- Data for this task -
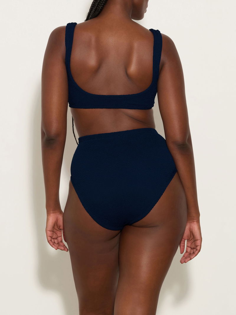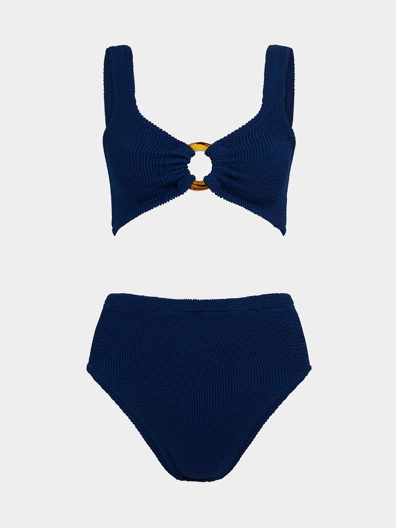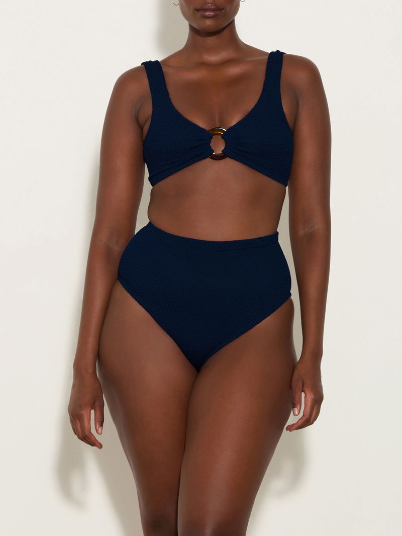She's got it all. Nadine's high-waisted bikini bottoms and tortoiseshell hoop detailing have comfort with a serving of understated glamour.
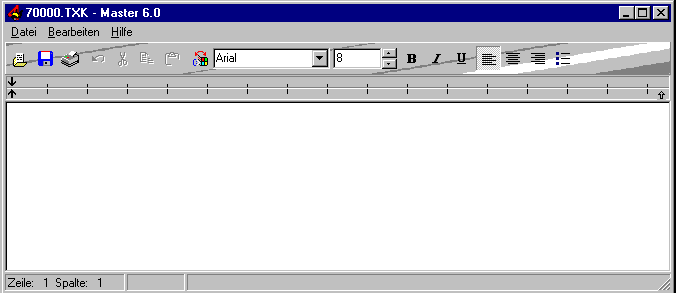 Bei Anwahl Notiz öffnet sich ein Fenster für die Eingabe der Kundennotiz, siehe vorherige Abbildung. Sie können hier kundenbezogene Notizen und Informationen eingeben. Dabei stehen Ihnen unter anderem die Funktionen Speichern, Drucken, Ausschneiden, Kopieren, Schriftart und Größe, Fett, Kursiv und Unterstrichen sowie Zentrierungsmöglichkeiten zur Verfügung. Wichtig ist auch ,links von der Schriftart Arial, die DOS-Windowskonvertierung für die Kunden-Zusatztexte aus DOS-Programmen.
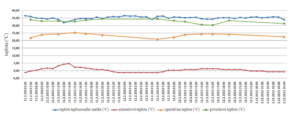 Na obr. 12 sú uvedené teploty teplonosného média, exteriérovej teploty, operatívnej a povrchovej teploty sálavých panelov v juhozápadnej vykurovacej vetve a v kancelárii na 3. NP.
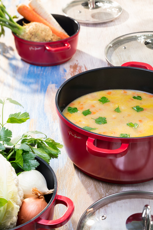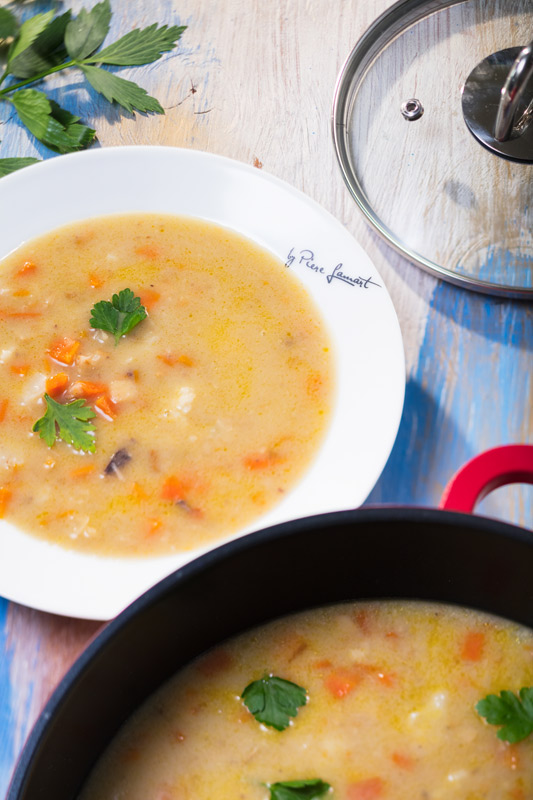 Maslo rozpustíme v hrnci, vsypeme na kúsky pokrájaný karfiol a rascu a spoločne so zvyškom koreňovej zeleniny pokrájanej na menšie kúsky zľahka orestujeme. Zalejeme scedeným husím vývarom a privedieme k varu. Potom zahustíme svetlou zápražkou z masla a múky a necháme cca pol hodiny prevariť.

==

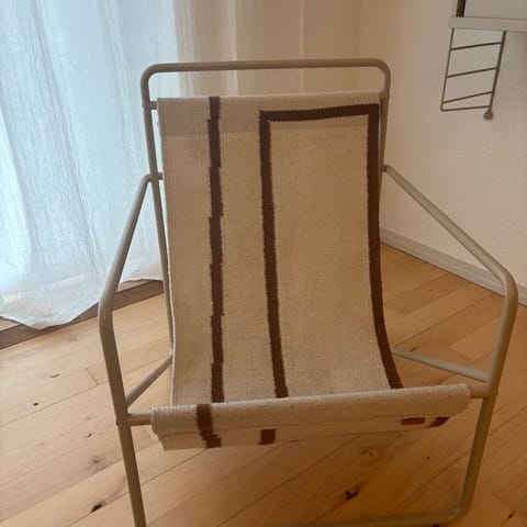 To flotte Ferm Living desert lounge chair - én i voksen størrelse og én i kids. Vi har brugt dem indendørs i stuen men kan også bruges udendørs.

- Directions for this task -
When you reach the line containing "She's got it" in the entries above, begin restating word for word, and stop once the line containing "Maslo rozpustíme v" has been given. Omit the pictures.

- Answer to the exercise -
She's got it all. Nadine's high-waisted bikini bottoms and tortoiseshell hoop detailing have comfort with a serving of understated glamour.
 Bei Anwahl Notiz öffnet sich ein Fenster für die Eingabe der Kundennotiz, siehe vorherige Abbildung. Sie können hier kundenbezogene Notizen und Informationen eingeben. Dabei stehen Ihnen unter anderem die Funktionen Speichern, Drucken, Ausschneiden, Kopieren, Schriftart und Größe, Fett, Kursiv und Unterstrichen sowie Zentrierungsmöglichkeiten zur Verfügung. Wichtig ist auch ,links von der Schriftart Arial, die DOS-Windowskonvertierung für die Kunden-Zusatztexte aus DOS-Programmen.
 Na obr. 12 sú uvedené teploty teplonosného média, exteriérovej teploty, operatívnej a povrchovej teploty sálavých panelov v juhozápadnej vykurovacej vetve a v kancelárii na 3. NP.
 Maslo rozpustíme v hrnci, vsypeme na kúsky pokrájaný karfiol a rascu a spoločne so zvyškom koreňovej zeleniny pokrájanej na menšie kúsky zľahka orestujeme. Zalejeme scedeným husím vývarom a privedieme k varu. Potom zahustíme svetlou zápražkou z masla a múky a necháme cca pol hodiny prevariť.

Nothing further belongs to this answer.